Wednesday, 4 April 2012

The Odanglesex Chronicles: The Reorganisation (2)



You know the feeling when some much-loved member of the team returns from a very special holiday - you all cluster around looking at her photos and admiring her tan.

Well, I've just come back from Egypt, eager to get back in harness and work with all the wonderful people in OCC again. I couldn't wait. Of course, I was very happy that Kenneth would be an inspired leader while I was away, but I do enjoy being Chief Executive here.

Anyway, in Egypt they have pyramids. You're not allowed to climb up them, but you can see that for some of them it would be a very long way and even quite dangerous because of the slope as you might slip. My other half tells me that in Central America they have stepped pyramids, which must be much easier to climb up.

We have pyramids here in Odanglesex too, though we don't get many tourists coming to see them. Our pyramids are organisational ones. Councillor Waynflete and I are at the top (blush) and I don't really like the idea that I'm standing on Kenneth Spotlesshead's nob but that's how it works, right down to the lowest levels, but of course, unlike with the Egyptian pyramids, the bits of rock at the bottom can make their way right up to the top or nearly.

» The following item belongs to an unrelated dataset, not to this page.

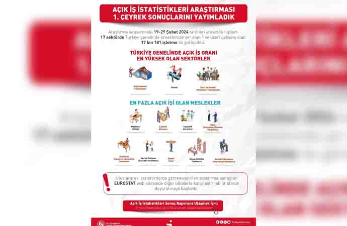 En fazla işçi talep eden sektörler ve en fazla işçi aranan meslekleri belirlemek amacıyla İŞKUR tarafından hazırlanan Açık İş İstatistikleri Araştırması'nın 2024 yılı birinci çeyrek sonuç raporunun yayımlandığını bildiren Işıkhan, "Araştırma kapsamında 1 ve üzeri çalışanı bulunan 17 bin 181 işletmeyle iletişime geçerek 330 bin 325 açık iş tespit ettik." ifadesini kullandı.

The Egyptians and the Mayas made their pyramids very high to impress people. In Odanglesex we don't want to impress people. We want to give them a positive customer experience. If the pyramid's very high and steep, it's a long way to the top and there are lots of people monitoring or approving everything and as you move up each level they get paid more. We want a flatter pyramid. That's why we're going through a series of reorganisations, starting with a pilot in Transformational Excellence and Strategic Vision. There will be a bit of disruption, but at the end we'll have a flatter, more accessible, more customer-friendly pyramid.

Now here are some of my holiday photos...

FROM: Dorothea Biggs, PA to Chief Executive

TO: Edelbertha Spengler

Ed: I've made three changes if that's OK.

I've deleted the bit about admiring her tan. This is ethnically sensitive. Would "muscles" do instead?

I assume you meant to say you were standing on Kenneth Spotlessnob's head, not the other way around, though I wonder if you want to reconsider the phrase. I mean, your feet are quite big and his head is quite small. It just seems funny to me and not very safe.

I've taken out one of the holiday snaps because of what the fat man was doing in the background.

FROM: Councillor Bill Wayneflete, Leader of the Council

TO: Edelbertha Spengler

Ed: just read your blog. Fascinating as always. Why don't we have more tourists coming to see the pyramids in Odanglesex? Could I have a project plan draft to address this?

FROM: Kenneth Spotlessnob, Assistant Chief Executive and Director of Transformational Excellence and Strategic Vision

TO: Neil Balderson, Acting Assistant Director of Transformational Excellence and Strategic Vision

Neil: In reply to your query left on my answerphone - yes, your interpretation is correct. A flatter pyramid in TESV will be achieved through two transformational changes:

1: The seven DC2s will be assimilated to DC3. The alternative of assimilating to DC1 would be unviable because of the relational implications of the pay reduction involved.

2: The minimum number of employees managed to entitle a manager to line manager status will be increased from three to thirteen.

FROM: Silesia Jones, Equality Consultant

TO: Neil Balderson


Is this for real? As an efficiency measure, I can no longer approve mileage claims or leave or carry out annual appraisal on the three colleagues I manage, despite Equality Excellence being a discrete unit, but must pass all these things to Neil Downing, who has no experience of them?

FROM: Neil Balderson

TO: Silesia Jones


Correct. This helps achieve a flatter organisational pyramid and less bureaucracy.

Concerning the three colleagues and indeed the Equality function: haven't you read page 111 of Kenneth's presentation?

FROM: Stanley Livingstone, President Emeritus, National Association of Micro Businesses, Odanglesex and Sarfebutt Branch

TO: Edelbertha Spengler

My dear Mrs Spengler:

Is it correct what I read in the newspapers, that seven of your extravagantly paid jobsworths have received an entirely unearned pay rise by being "assimilated" to a higher level?

Can they instead be taken out and shot?

FROM: Edelbertha Spengler

TO: Stanley Livingstone

Dear Mr Livingstone,

Thank you for your most helpful letter. I can confirm that the organisational change you refer to is being implemented as part of a package of measures to reduce expenditure and improve the customer experience.

I am grateful for your helpful suggestion, but unfortunately it would be ultra vires.